▶ [PROBLEM STATEMENT] Leave out the pictures and repeat exactly the lines from the one containing "String that identifies" through the final line of the listing below.

▶ [DATA EXTRACT]
....
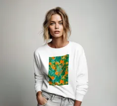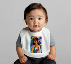 Un ritratto sorprendente di una donna con i capelli scuri, ornata da un orecchino giallo, raffigurata in uno stile vibrante, con blocchi di colore che utilizzano forme audaci di verde, arancione, blu e giallo, che trasudano sicurezza ed eleganza moderna.
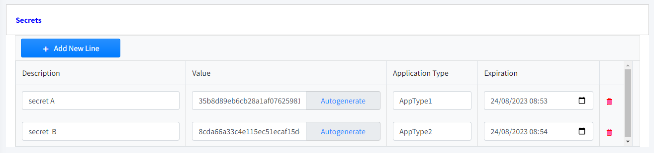 String that identifies the type of application that the secret will use (app, web, etc.).
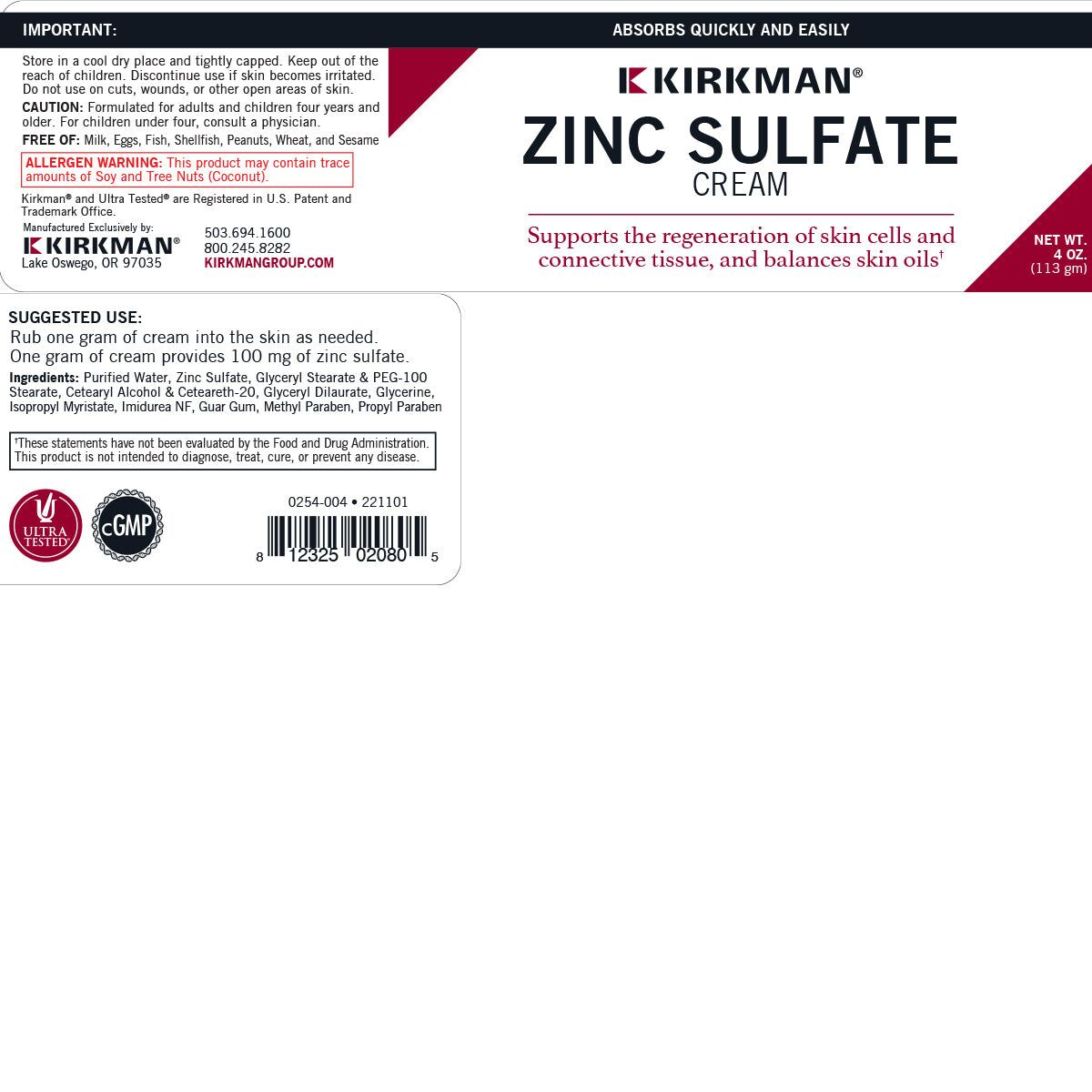 KIRKMAN® Zinc Sulfate cream is not a dietary supplement but a topical cream containing zinc sulfate .
....
▶ [COMPLETED EXERCISE]
 String that identifies the type of application that the secret will use (app, web, etc.).
 KIRKMAN® Zinc Sulfate cream is not a dietary supplement but a topical cream containing zinc sulfate .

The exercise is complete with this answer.